Arriving in New Zealand and physically seeing the works I had selected was akin to meeting an online date: did they match up to my expectations, had they lied about their height? An image never fully prepares you for experiencing an object in the flesh, and to see the gaggle of objects I had selected in the beautiful space that is Te Uru did not disappoint. It was like meeting old friends in unfamiliar surroundings.
I spent a further two days in the gallery with Kenny Willis, selecting the finalists, conjugating the display and completing the most difficult of tasks: selecting the prize winners. These final decisions went through many permutations and, like any distillation process, the stronger elements bubbled their way to the top. These final works posses a range of qualities ranging from poetic beauty to brutal power. For me these objects address themes, which are both specific yet universal and of significant importance in our time. I feel that is the role of the Portage competition: it is a barometer of ceramic practice here and now, and I hope this selection fully reflects the high standards and diverse ceramic practice that forms a vibrant part of the creative culture of New Zealand.
And the winners are
Premier Award Winner ($15,000): Raewyn Atkinson of Wellington for Wasters III (Accumulate):
"This work belongs to a series that initially used found 'wasters' from a ceramic factory and has progressed to the reworking of my own. It has evolved from an accumulation of a range of influences and experiences including a beach in Northern California composed entirely of ceramic shards, a Delft 'waster' in the Victoria and Albert Museum and an interest in the discarded.
"In the making of porcelain tableware, my own expectations and the limitations prescribed by function results in a high rate of 'wasters'. By stacking and balancing the losses that occur in the firing process, Wasters III (Accumulate) is my reflection on personal and global fragility and responsibility. I am wanting to make the discarded visible."

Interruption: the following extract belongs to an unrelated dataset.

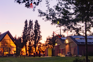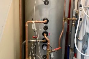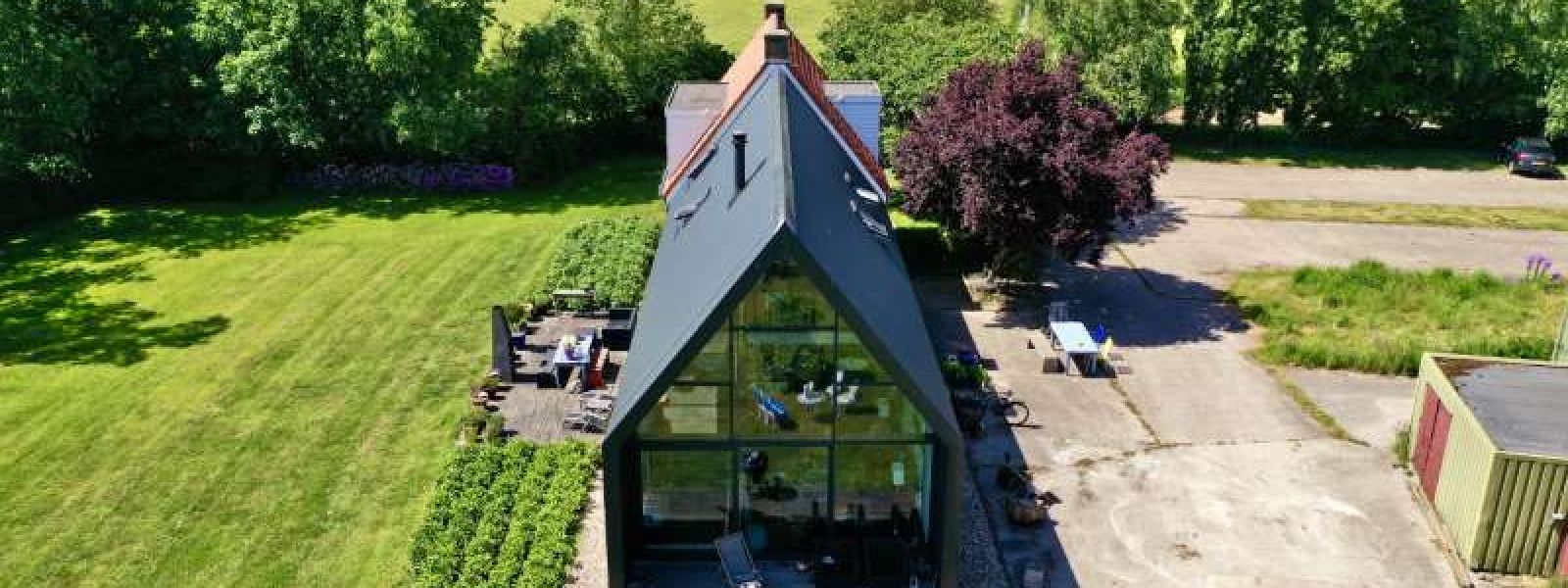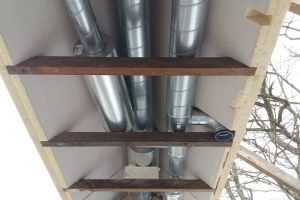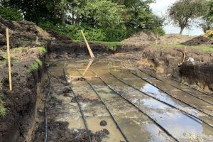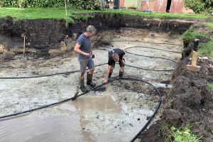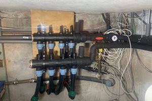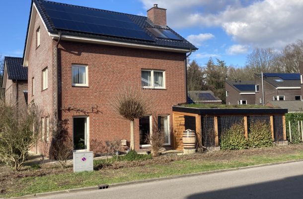 Ventilatie warmtepomp (spaarpomp) aangesloten op de ventilatiekanalen van het nieuwe huis en deels het oude huis. Bodemwaterpomp via horizontale slangen. Deze zijn op 1,5 m diep ingegraven en verspreid over 600 m2. 4 groepen/slangen van 32 mm van 110 m lang ingegraven.. Kan hierdoor ook passief koelen door koud bronwater door de vloer te sturen. 17 kWp zonnepanelen, warmte terugwinning douchewater. We hebben meer dan 2 km bomenwal om ons kavel. Jaarlijks veel snoeihout. Daarom ook gekozen voor een hout-gestookte kachel en aangesloten op de warmtebuffer. Dus verwarmen we deels ons huis en douchen we met ons eigen hout.

Merit Award ($2000): Virginia Leonard of Warkworth for Too Many Surgeons:
"Chronic pain has no biological value. Modern medicine cannot reliably treat chronic pain. It lacks language and voice. I have sought a voice for my own pain ... the language of my clay-making is my attempt to rid my body of trauma and reduce my level of chronic pain."
Merit Award ($1000): Paul Maseyk of New Plymouth for Essential Equipment for an Arsonist:
"Essential equipment for a competent arsonist - cigarettes, matches, lighter, petrol, molotov cocktail - all useful tools if trying to start a fire for mischievous purposes."
Ceramic Research Centre in Guldagergaard, Denmark, Residency: John Parker of West Auckland:
"I usually work in isolation in my own studio, so I would welcome the chance to explore new methods and to develop new work in the highly collaborative environment of the Guldagergaard Ceramic Research Centre. Acknowledging their expertise in the wider continuum of ceramics my experience there, engaging with technicians and other ceramicists, will be professionally extending and invaluable in my future practice as an artist."
• Ingrid Murphy has been a ceramicist and educator for more than 20 years. She led the renowned Ceramics Department at Cardiff School of Art & Design in Wales and leads the school's new trans-disciplinary Maker Department and the FAB-Cre8 research center. She has just been shortlisted for the British Ceramics Biennial Award.